[[ INFORMATION PROVIDED open ]]

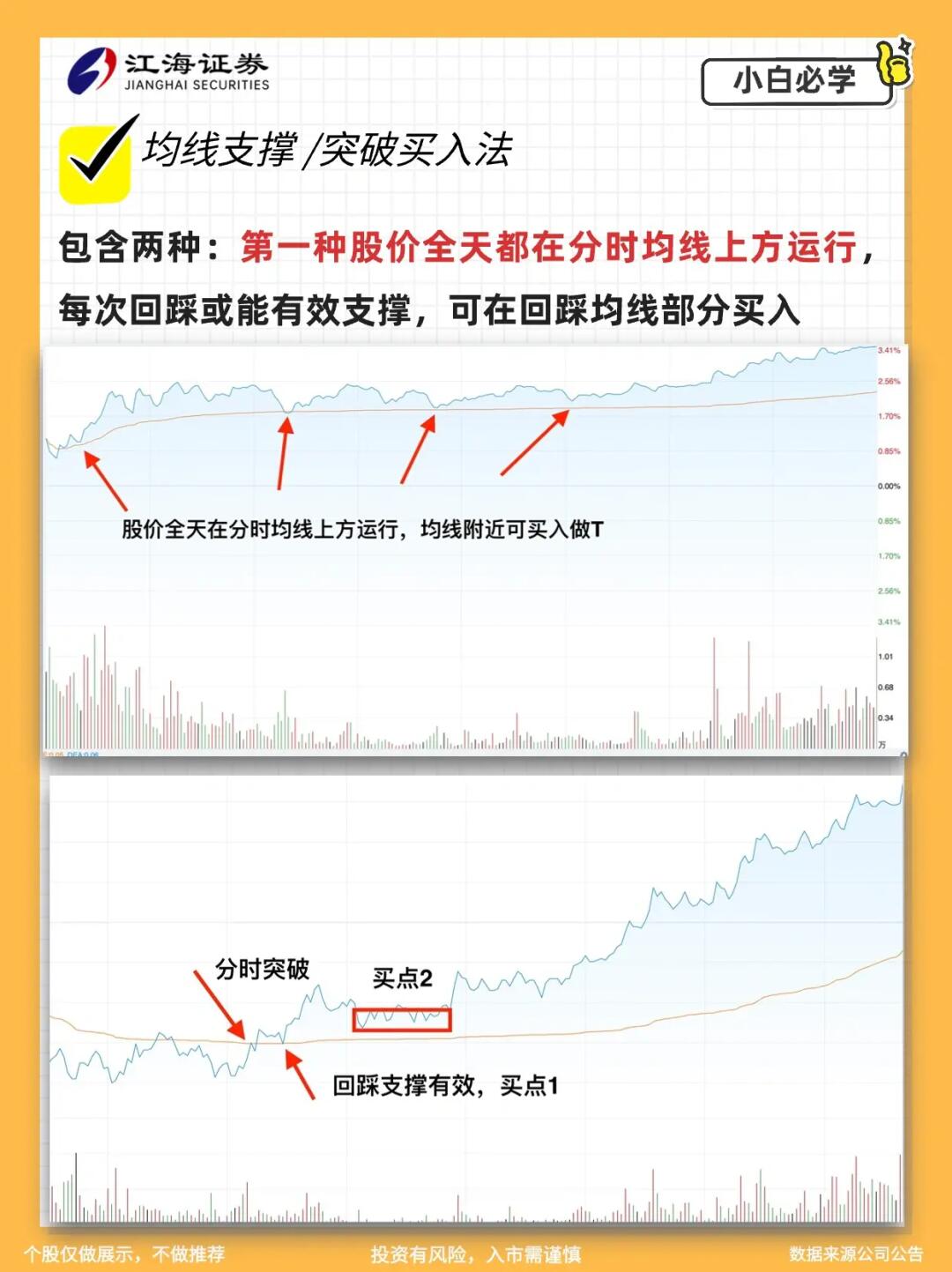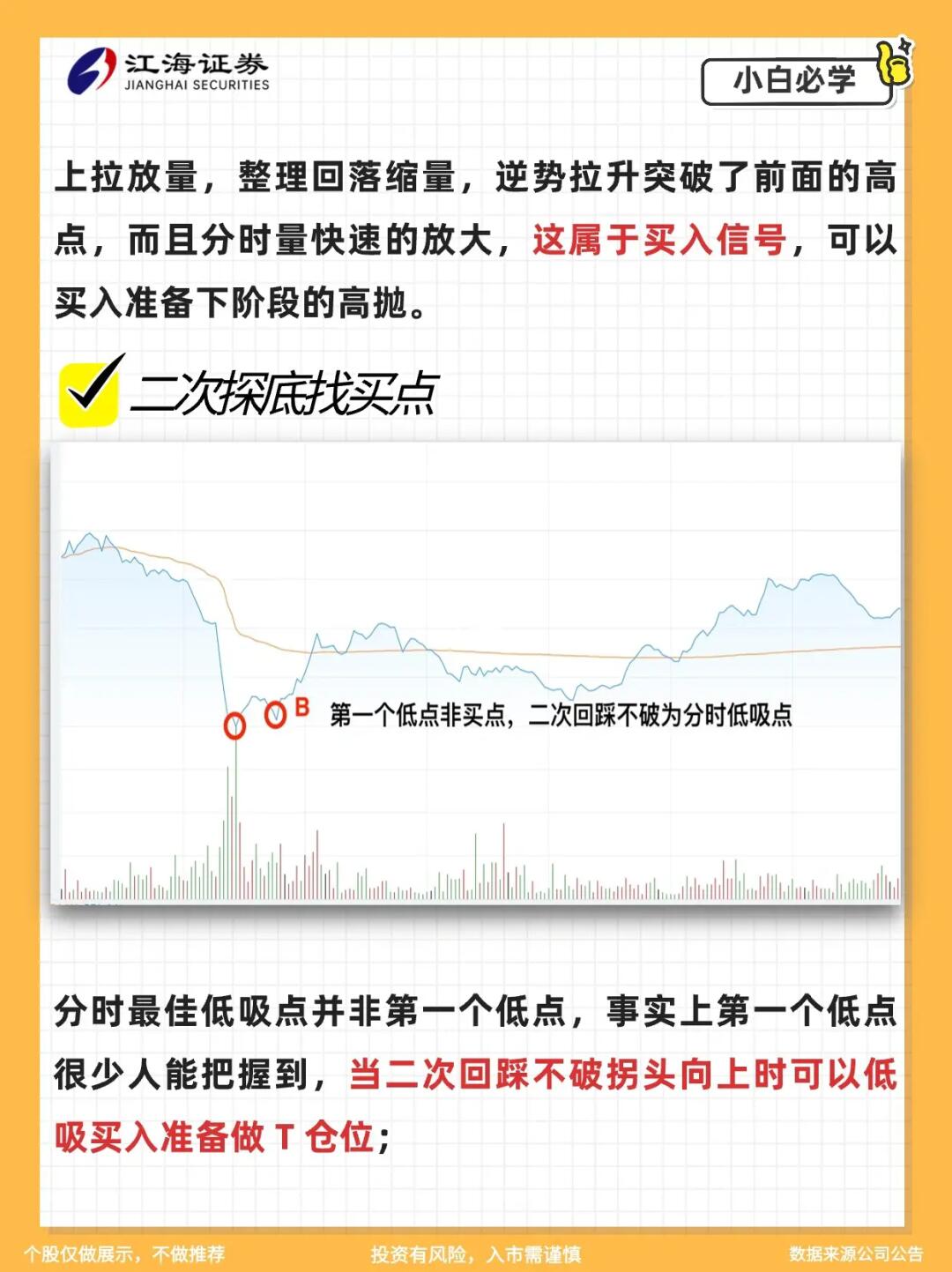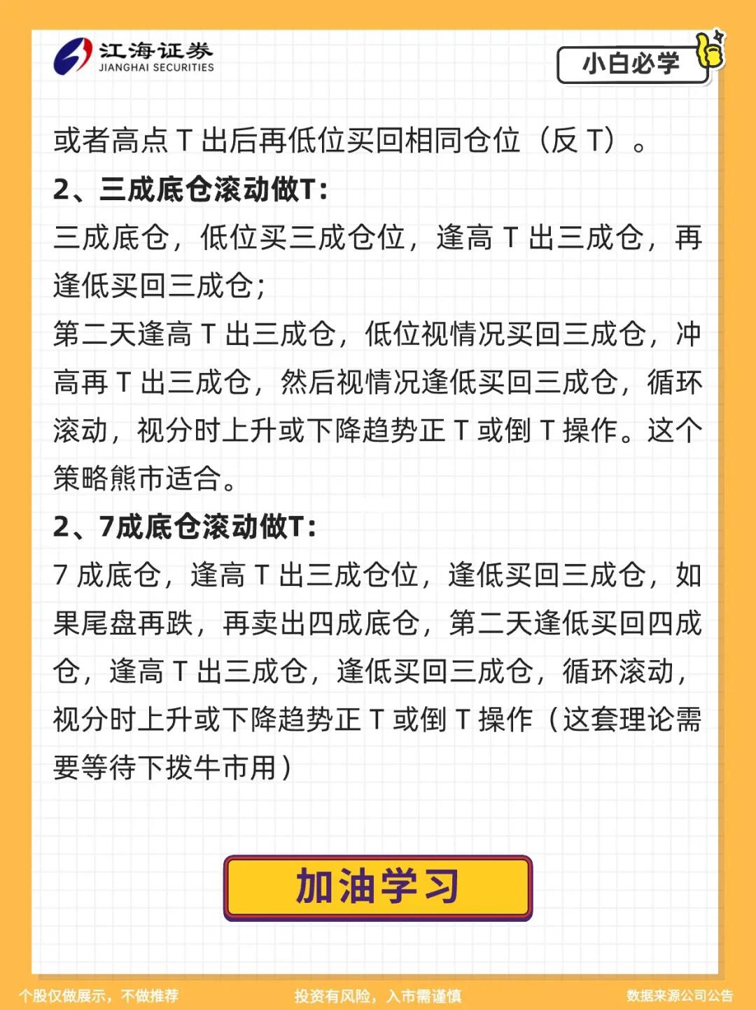分时做T要点 1、做T要大盘和个股分时线结合看; 2、早盘的波动较大(十点前最甚),不确定性高,可能成功率也高;中午和下午收盘前慎重做工,有主力就喜欢尾盘偷袭。 3、强于大盘的行业和个股要防止T飞,龙头要谨慎做工,如果买了跟风股,可以参考龙头的走势做 T,妖股不要轻易做工(很容易直线秒板,不给参与机会),做错了就买不回来………更多🉑️学
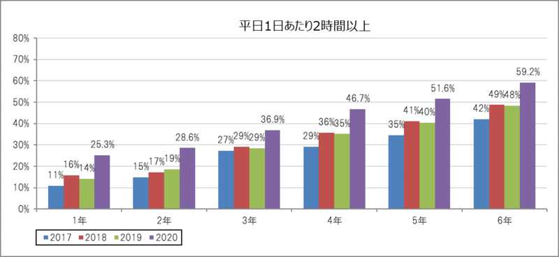 2020年コロナ禍では小学生のICT機器の利用時間が
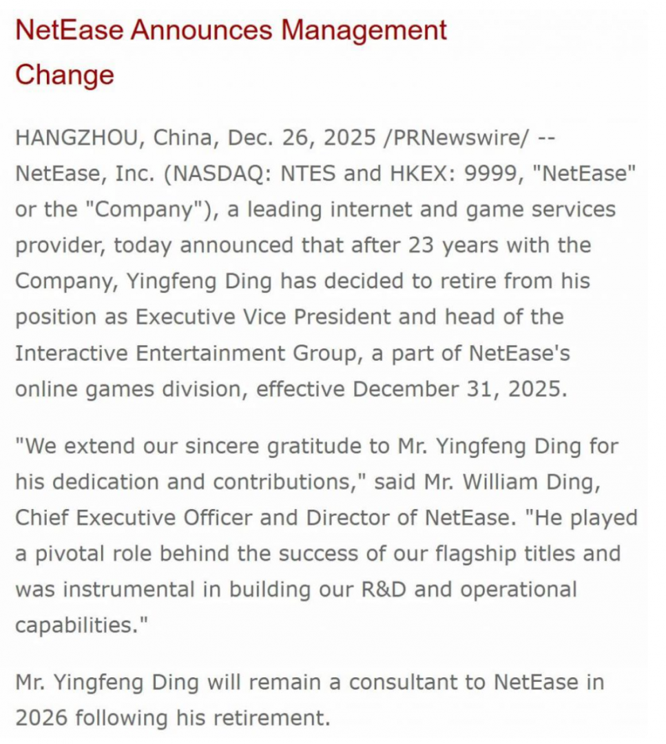 12月27日消息,网易发布公告称,网易集团执行副总裁、网易互动娱乐事业部负责人丁迎峰将结束其在网易23年的任职,于2025 年12月31日正式退休。退休后,他将继续担任公司顾问职务。
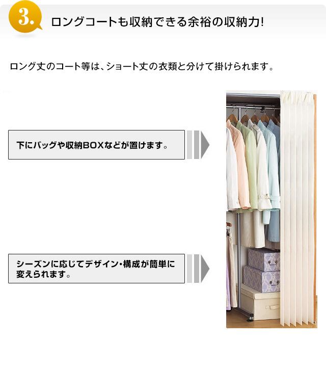 ●カーテン付きなので衣類をホコリから守り、中身も見えません。
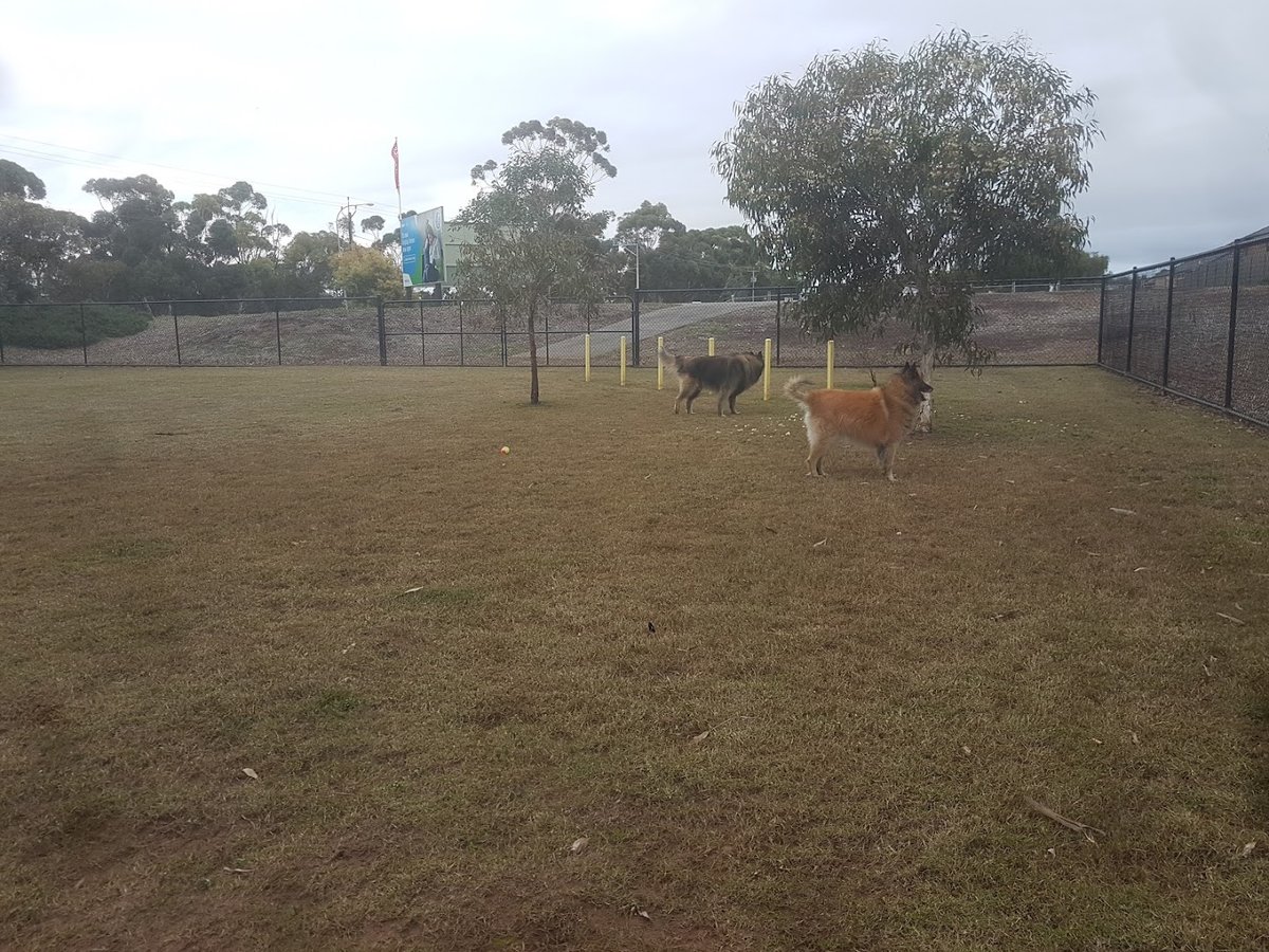 Fairly large single dog park, no separation of large and small dogs. A rubbish bin is stocked with poo bags. Water fountain which allows emptying of the dog bowl is available. Some agility equipment including a ramp and weave poles. 2 bench …
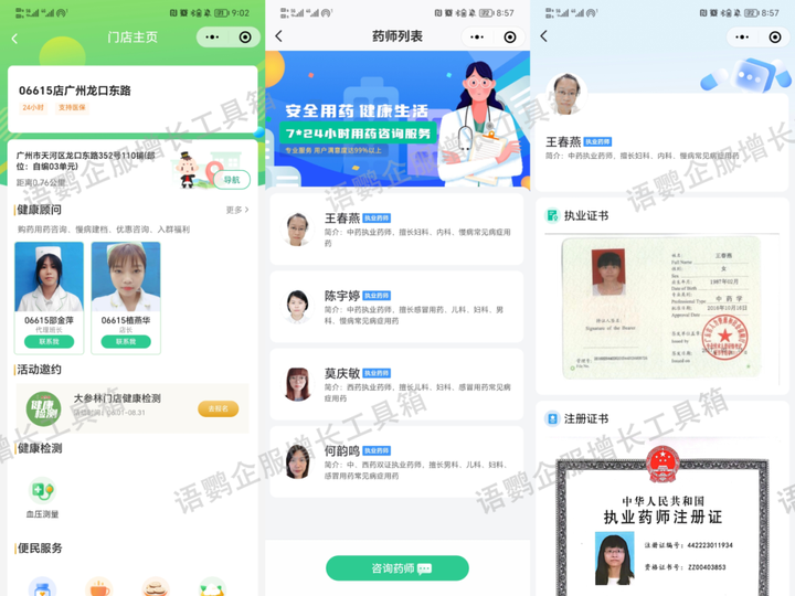 例如在药店/大药房放置KT板、台卡、电子海报等物料并嵌入语鹦企服【员工活码】,设计“加好友领券/送口罩/送止血贴”、“扫码享受限时免费用药咨询服务”、“扫码领取营养师服务体验机会”等作为诱饵,吸引用户加企微,设置自动通过验证并发送领券/领取服务链接。
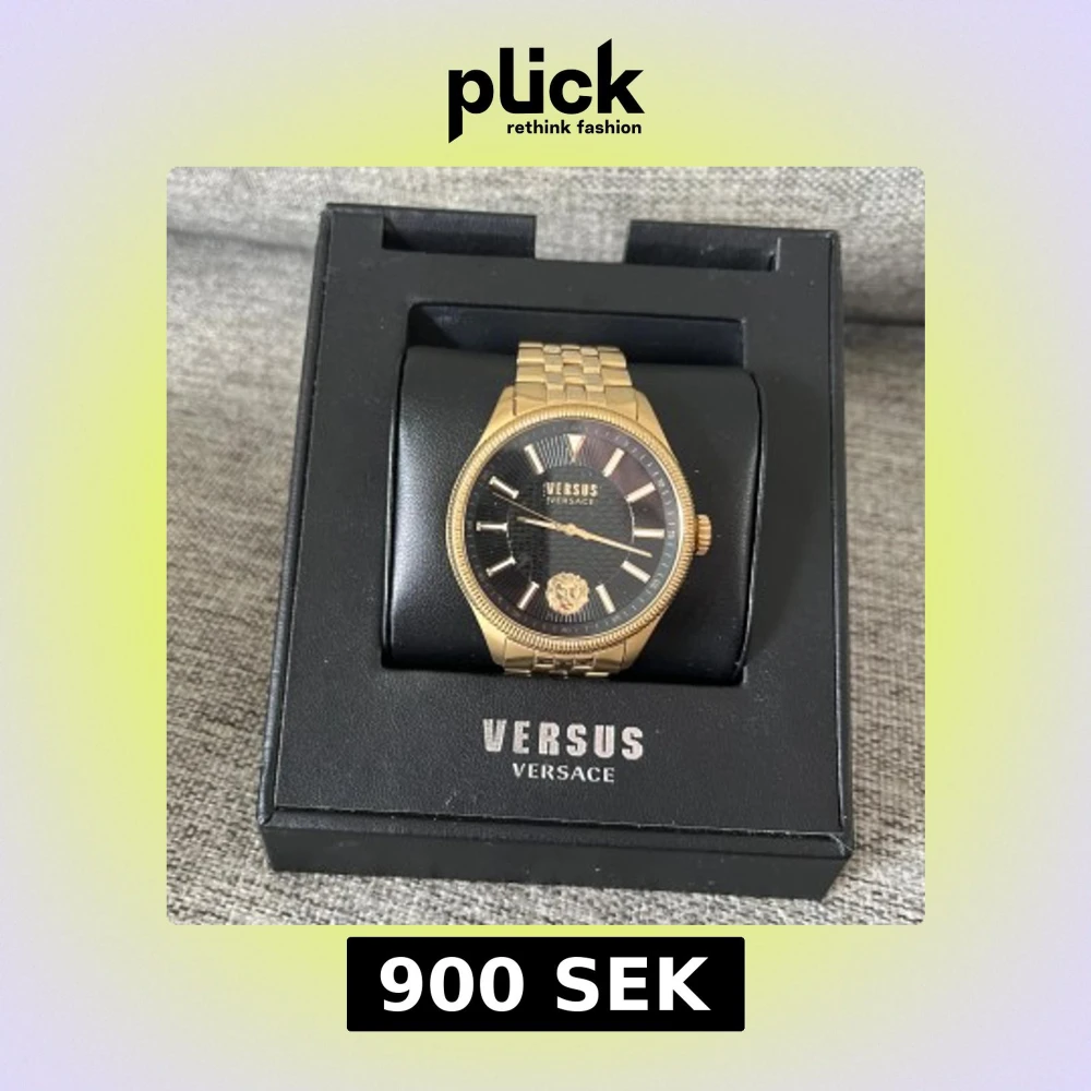 Snygg klocka från Versus Versace med guldig länk och svart urtavla. Klockan har klassisk rund form, detaljer i guld och Versus-logga med lejonmotiv på urtavlan. Kommer i originalbox med garantikort och förpackning. Perfekt accessoar för att lyfta din stil.
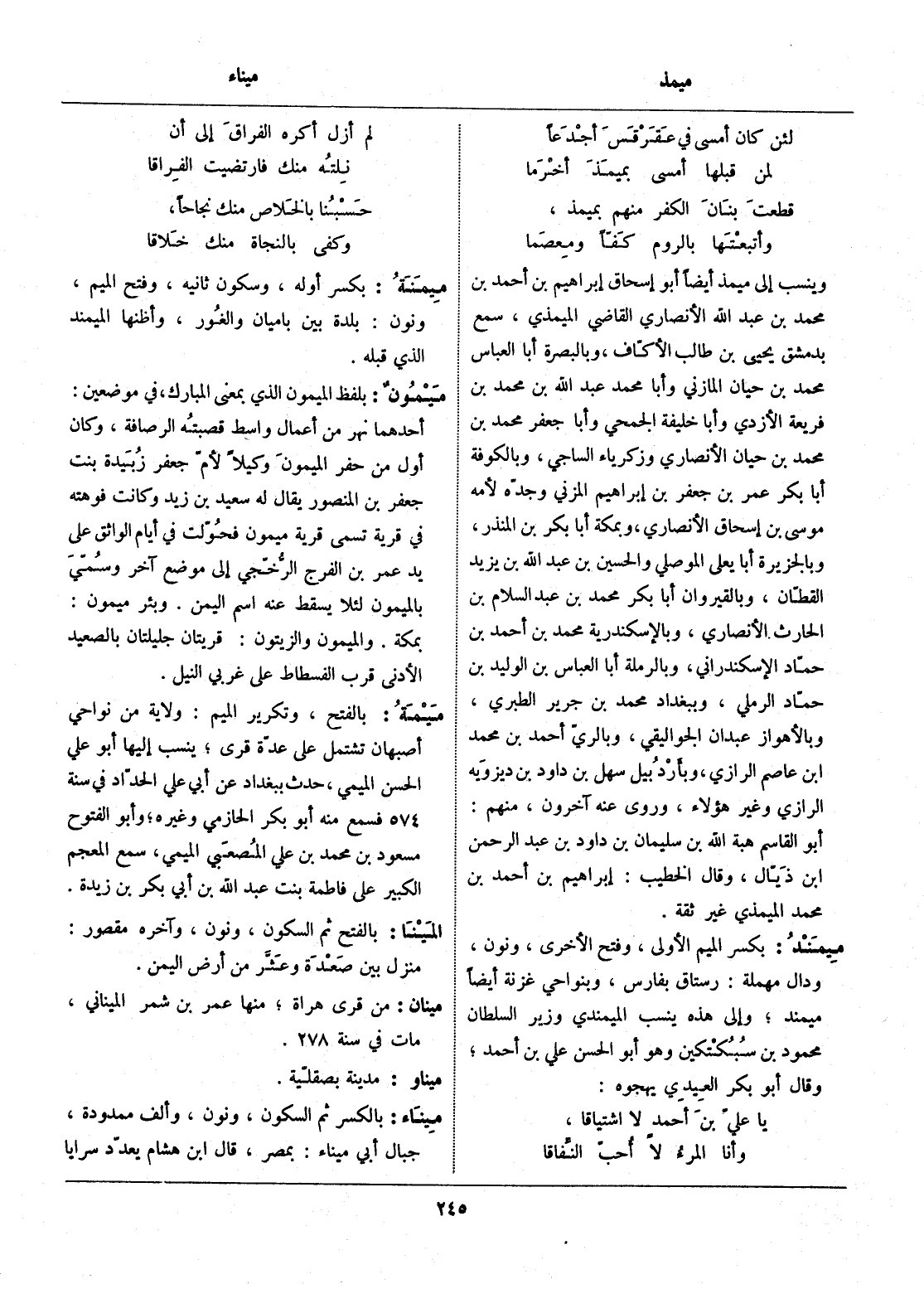 بالفتح، وتكرير الميم: ولاية من نواحي أصبهان تشتمل على عدّة قرى، ينسب إليها أبو علي الحسن الميمي، حدث ببغداد عن أبي علي الحدّاد في سنة 574 فسمع منه أبو بكر الحازمي وغيره، وأبو الفتوح مسعود بن محمد بن علي المصعبي الميمي، سمع المعجم الكبير على فاطمة بنت عبد الله بن أبي بكر بن زيدة.

[[ INFORMATION PROVIDED closed ]]

* WHAT TO WORK ON
Extract exactly the lines from the one containing "例如在药店/大药房放置KT板" through the last line of the records above, both included, and leave out the pictures.

* OUTPUT FOR THIS TASK
 例如在药店/大药房放置KT板、台卡、电子海报等物料并嵌入语鹦企服【员工活码】,设计“加好友领券/送口罩/送止血贴”、“扫码享受限时免费用药咨询服务”、“扫码领取营养师服务体验机会”等作为诱饵,吸引用户加企微,设置自动通过验证并发送领券/领取服务链接。
 Snygg klocka från Versus Versace med guldig länk och svart urtavla. Klockan har klassisk rund form, detaljer i guld och Versus-logga med lejonmotiv på urtavlan. Kommer i originalbox med garantikort och förpackning. Perfekt accessoar för att lyfta din stil.
 بالفتح، وتكرير الميم: ولاية من نواحي أصبهان تشتمل على عدّة قرى، ينسب إليها أبو علي الحسن الميمي، حدث ببغداد عن أبي علي الحدّاد في سنة 574 فسمع منه أبو بكر الحازمي وغيره، وأبو الفتوح مسعود بن محمد بن علي المصعبي الميمي، سمع المعجم الكبير على فاطمة بنت عبد الله بن أبي بكر بن زيدة.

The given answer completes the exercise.